Он вежливым кивком попрощался и пошел к выходу. Люба растерянно посмотрела ему вслед, сжала пальцами виски и укоризненно спросила у Глеба:

— Почему ты даже не попытался ему объяснить?

— Зачем? Аппарата нет, доказать свою правоту полетами мы не можем, а о дельтапланеризме в общем мы ему уже говорили.


Новый год мы встречали в доме Любиных родителей. По дороге Лилька держала меня под руку и, пританцовывая от мороза и праздничного настроения, читала какие-то стихи: «Как говорится в преданье, исполнят любые желанья…»

Она была оформлена в библиотеку уборщицей, но Глеб установил почти армейские порядки, и после работы ребята драили полы, как новобранцы. Строить аппарат ей тоже не пришлось, и она кокетничала с мальчишками, что-то выискивала на стеллажах с книгами или читала в уголке возле теплой батареи. И старательно «присушивала» меня. Делала она это вполне умело: я то и дело ловил на себе ее долгие пристальные взгляды, словно она видела во мне еще кого-то, чего-то ждала с трепетным нетерпением. Девчонка она симпатичная и знала об этом.
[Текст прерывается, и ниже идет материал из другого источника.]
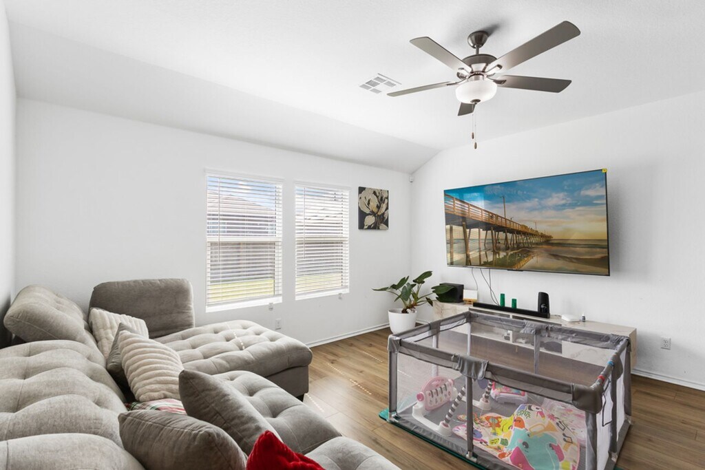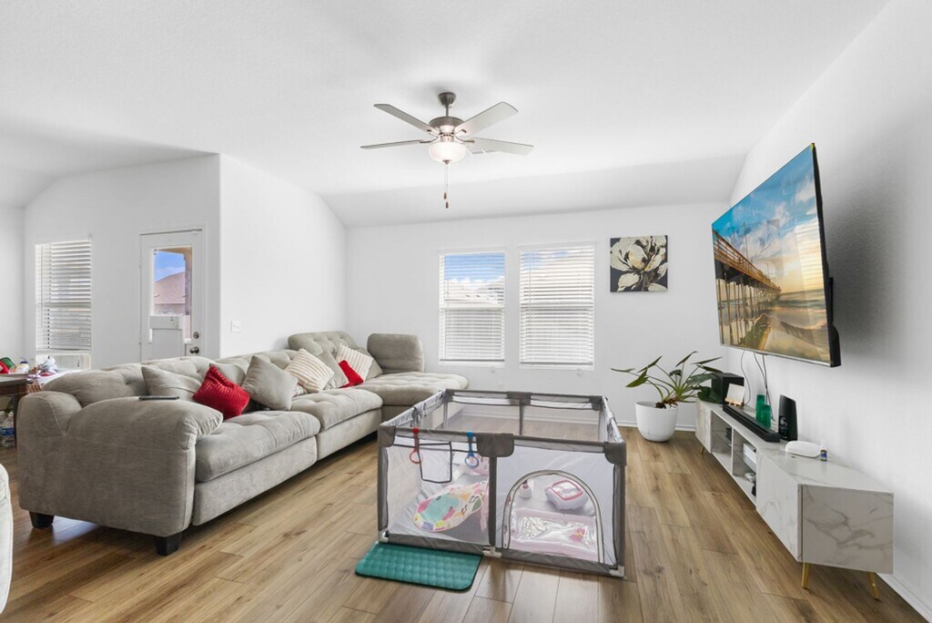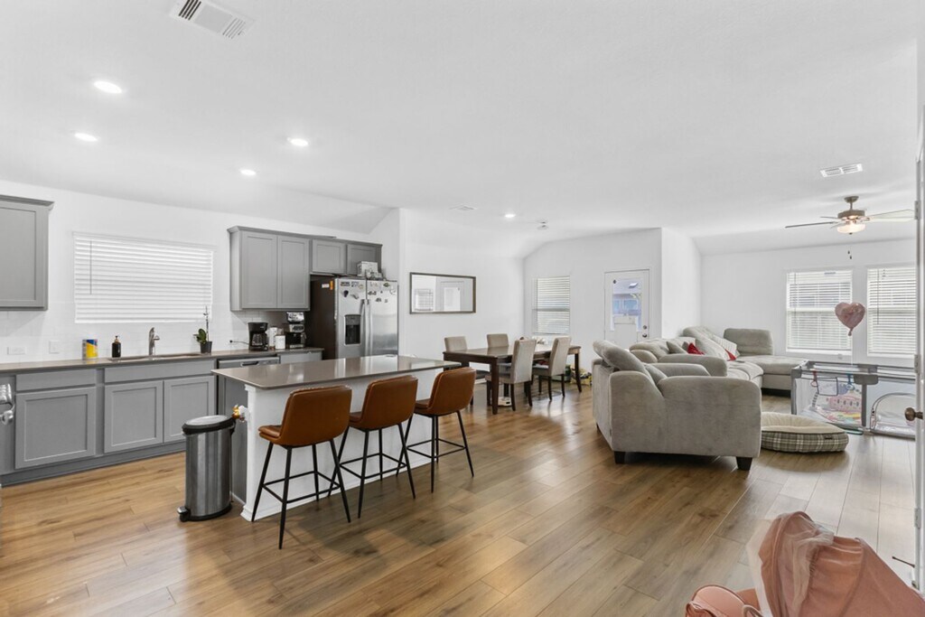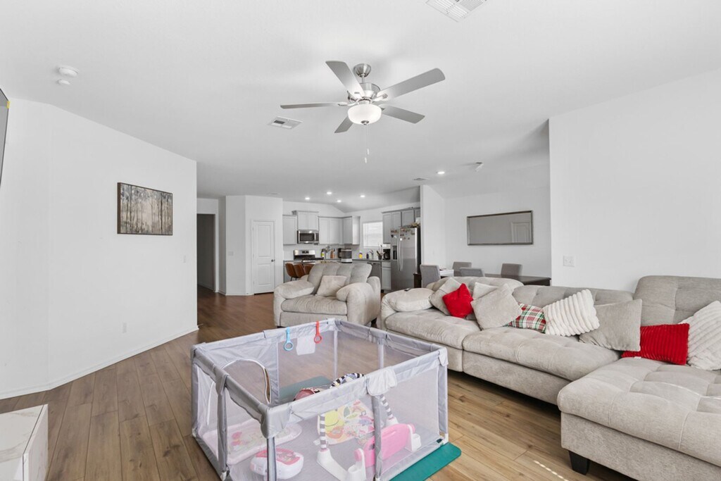 Step into a home that makes everyday living feel easy and comfortable. This 4-bedroom, 2-bath property offers an open floor plan that flows seamlessly from the living area into the kitchen, creating the perfect space for relaxing or entertaining. The kitchen is equipped with gas cooking and comes complete with a refrigerator, while the included washer and dryer add extra convenience from day one. The primary suite provides a private retreat with a spacious bathroom featuring both a tub and separate shower, along with a large walk-in closet. With no carpet throughout, the home feels clean, modern, and easy to maintain. Outside, the sprinkler system helps keep the yard looking its best with minimal effort. Whether you're hosting friends, enjoying a quiet evening, or simply settling into your routine, this home offers a practical layout and comfortable features that make it easy to picture yourself living here.
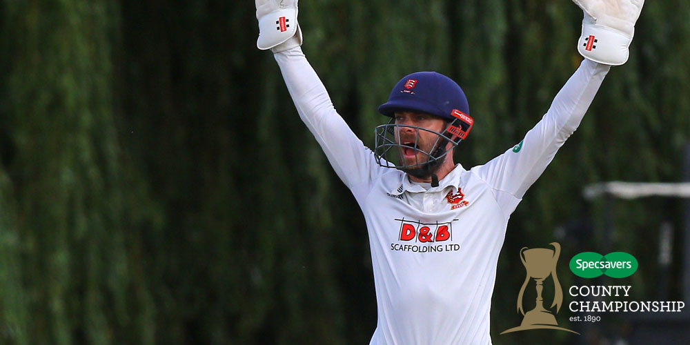 Wayne Madsen and Neil Broom added 43 during which time Madsen became the first player from Division Two to complete 1,000 Championship runs this season but having scored 37, he fell victim to a sharp catch by Jaik Mickleburgh to give Will Rhodes his first Essex victim in his first match since joining from Yorkshire on loan.
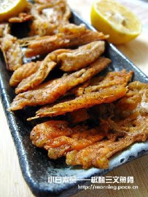 三文鱼骨,椒盐,柠檬
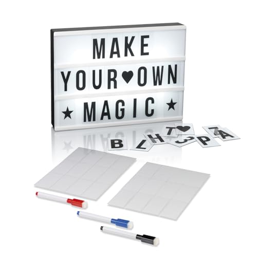 EASYmaxx LED Lightbox Set | Omfattar 173 utbytbara bokstäver och symboler | Olika färg ändra lägen | Batteridriven och USB-port [A4 Format]
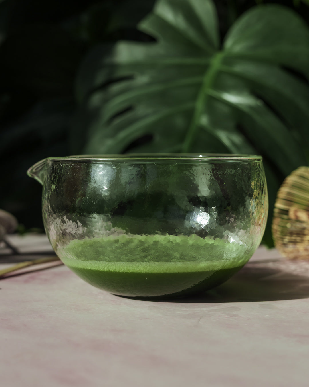 Нашият чаван е изработен от боросиликатно стъкло – чист, елегантен и съвременен прочит на вековната традиция. Прозрачността му разкрива изумрудения цвят на напитката, а гладката повърхност позволява лесно и равномерно разбиване. Текстурираната структура придава фин завършек и елегантност на всеки ритуал. Практичният улей улеснява преливането в чаша, без риск от разливане, а можете да се насладите на напитката и директно от купичката – както е в традицията.
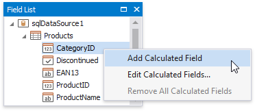 To create a calculated field, switch to the Field List, right-click any item inside the data source and select Add Calculated Field.
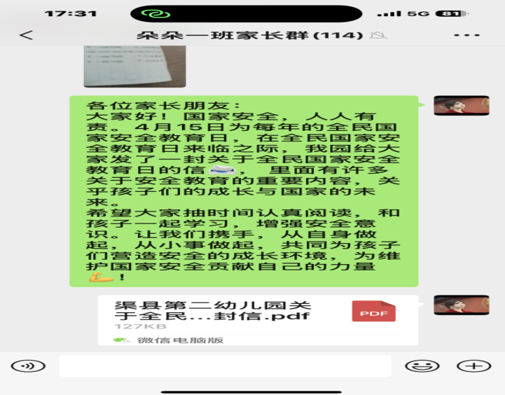 在家长群向家长发放全民国家安全教育日致家长的一封信,信中介绍了国家安全的重要性、常见的危害国家安全的行为以及家长如何在日常生活中引导孩子树立国家安全意识等内容。同时,鼓励家长与孩子一起学习国家安全知识,通过亲子互动,增强家长和孩子的国家安全意识,形成家园共育的良好局面,将国家安全教育从校园延伸到家庭,扩大活动的影响力。
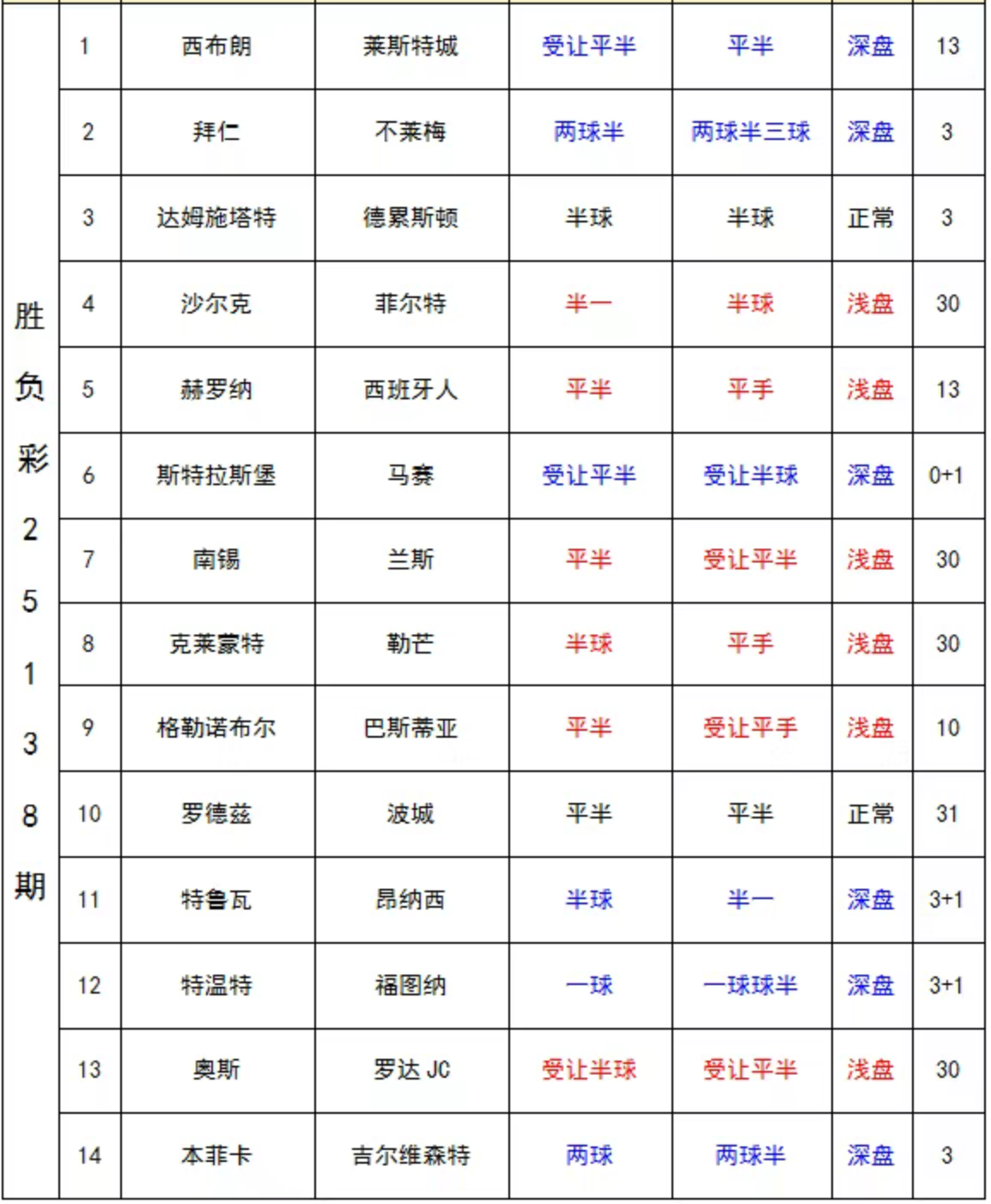 上期胜负彩没什么大冷,马尔默输球有小小的杀伤力,5万多奖金,今天周五,回归小联赛组合,十一假期前还有3期胜负彩,本期难度较大,还是简单说下前面几场比赛,大家谨慎参考,下面进入正题!

Массивный двухэтажный дом был виден издалека, светилась застекленная веранда. На веранде стояла принаряженная елочка. Новый год — семейный праздник, и компания была небольшая. Мама Любы в нарядном темно-вишневом платье с кружевным воротником весь вечер хлопотливо бегала между столом и кухней. Массивный, грузный Папа солидно беседовал с сослуживцем в двубортном бостоновом костюме моды пятидесятых годов. Тосты, шампанское… Люба включила магнитофон. «Хоп! Э-э-хоп!.. Хоп! Э-э-хоп!..» Лилька, в тонком черном свитерке и короткой юбочке, вытащила на середину зала Папу. Тот, снисходительно улыбаясь, неуклюже топал ногами, изображая что-то вроде фокстрота.
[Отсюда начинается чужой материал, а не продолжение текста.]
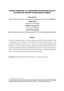 Ciarreta, A., Fatas, E., Georgantzis, N. and Gutiérrez-Hita, C. (2017) Vertical separation vs. independent downstream entry in an electricity network: experimental insights. Electric Power Systems Research, 143. pp. 728-738. ISSN 0378-7796 doi: 10.1016/j.epsr.2016.10.034
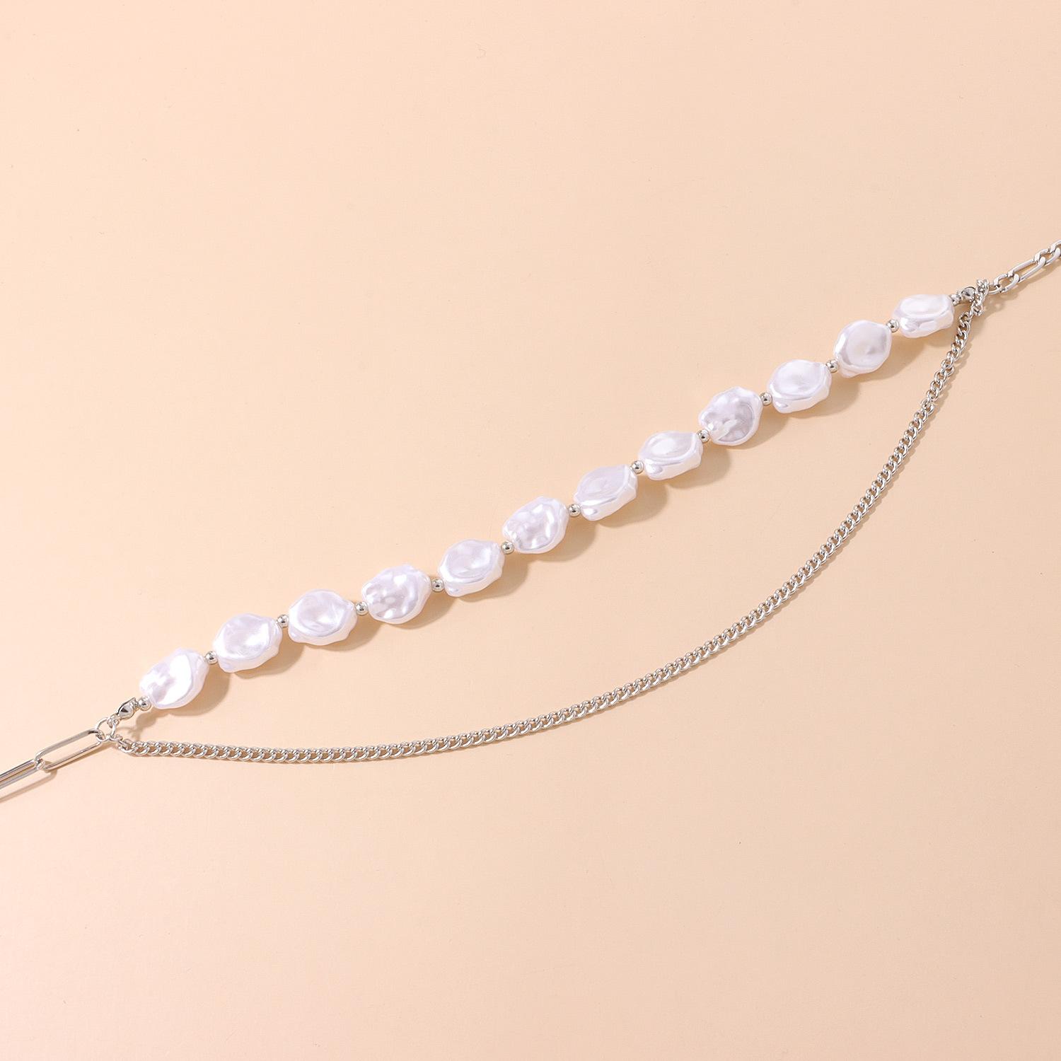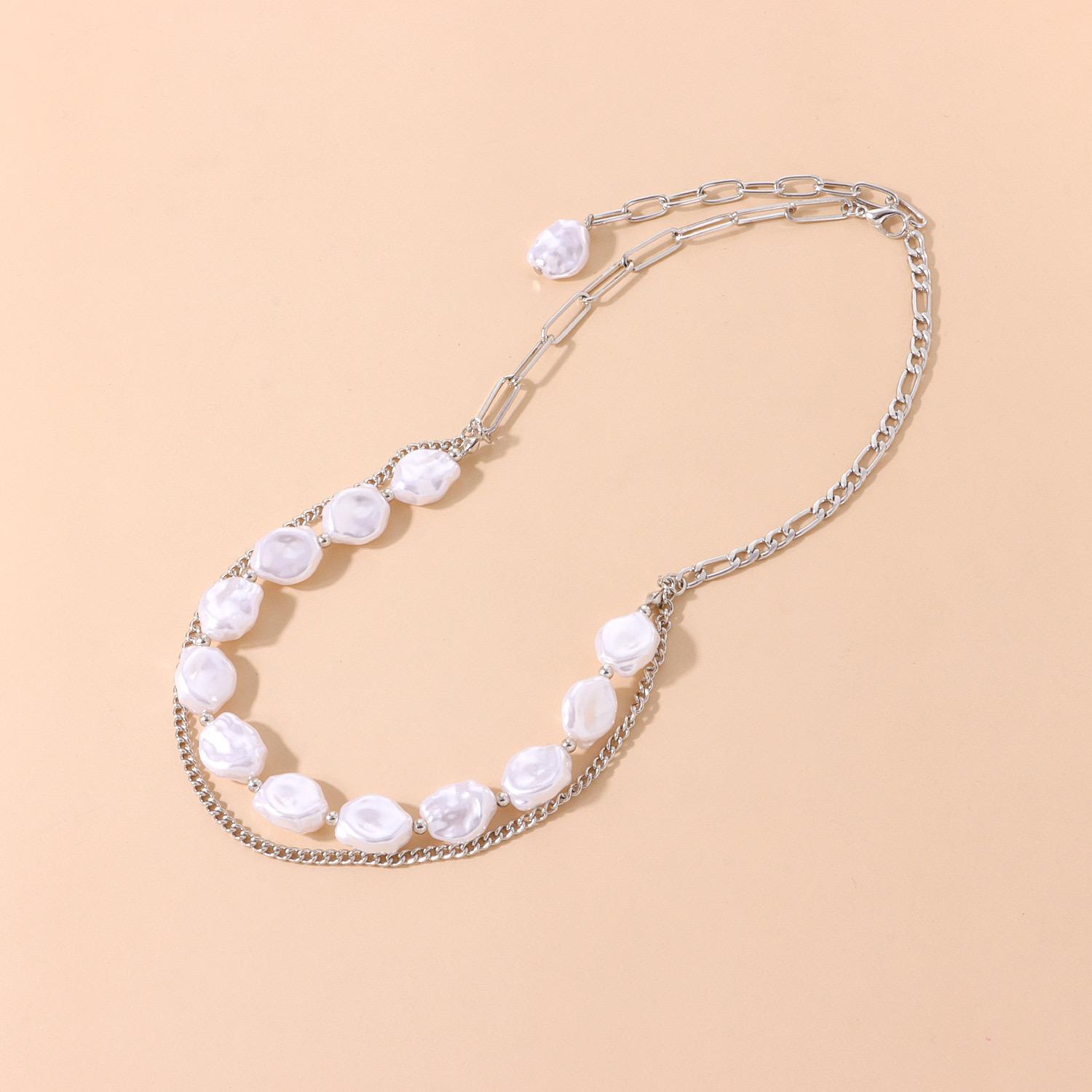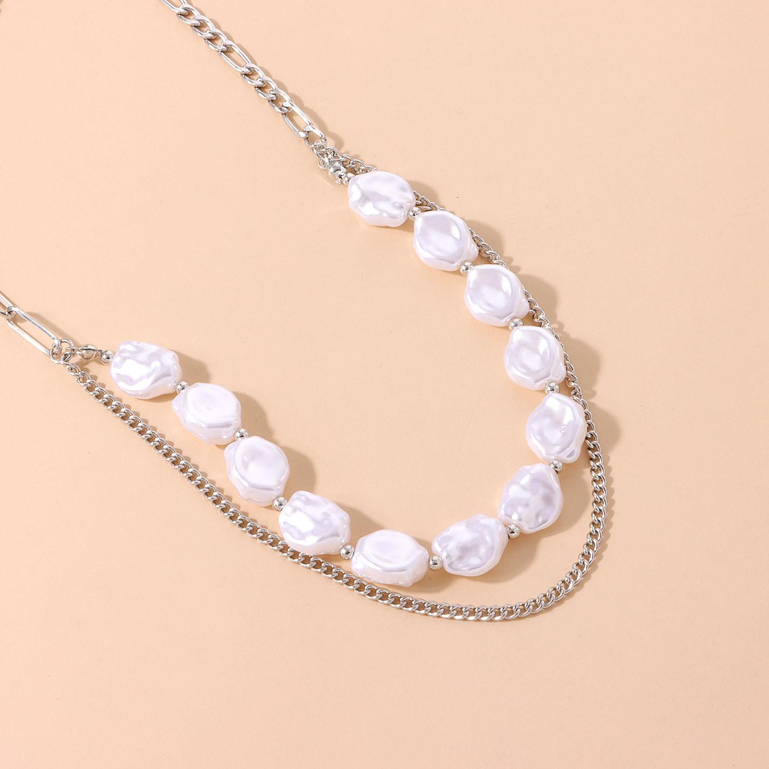 Collar de perlas planas irregulares para mujer, joyería transfronteriza europea y americana, nuevo collar de cadena personalizado punk creativo

Я вышел на веранду. Лилька выбежала следом и в полном изнеможении упала в кресло. Отдышавшись, она взяла из лежавшей на столе пачки сигарету и начала неумело чиркать спичкой.

Я не курю. Когда-то в школьной уборной курили и для этой цели я позаимствовал, мягко выражаясь, у отца пачку сигарет. Разговор был коротким: отец просто запретил мне тратить заработанные им и мамой деньги на табак, и я должен был помнить, что каждая тайком купленная сигарета будет просто ворованной. Через это я не смог переступить, а со временем «не курить» стало привычкой. Лилька же просто переводила табак: раздувала щеки и выпускала дым с видом величайшего наслаждения. Заметив мой насмешливый взгляд, она закашлялась и бросила сигарету. Потом начала рассказывать, как Люба водила ее на второй этаж. Там еще четыре комнаты блистали роскошью, изящной меблировкой и гобеленами в стиле Приматиччо.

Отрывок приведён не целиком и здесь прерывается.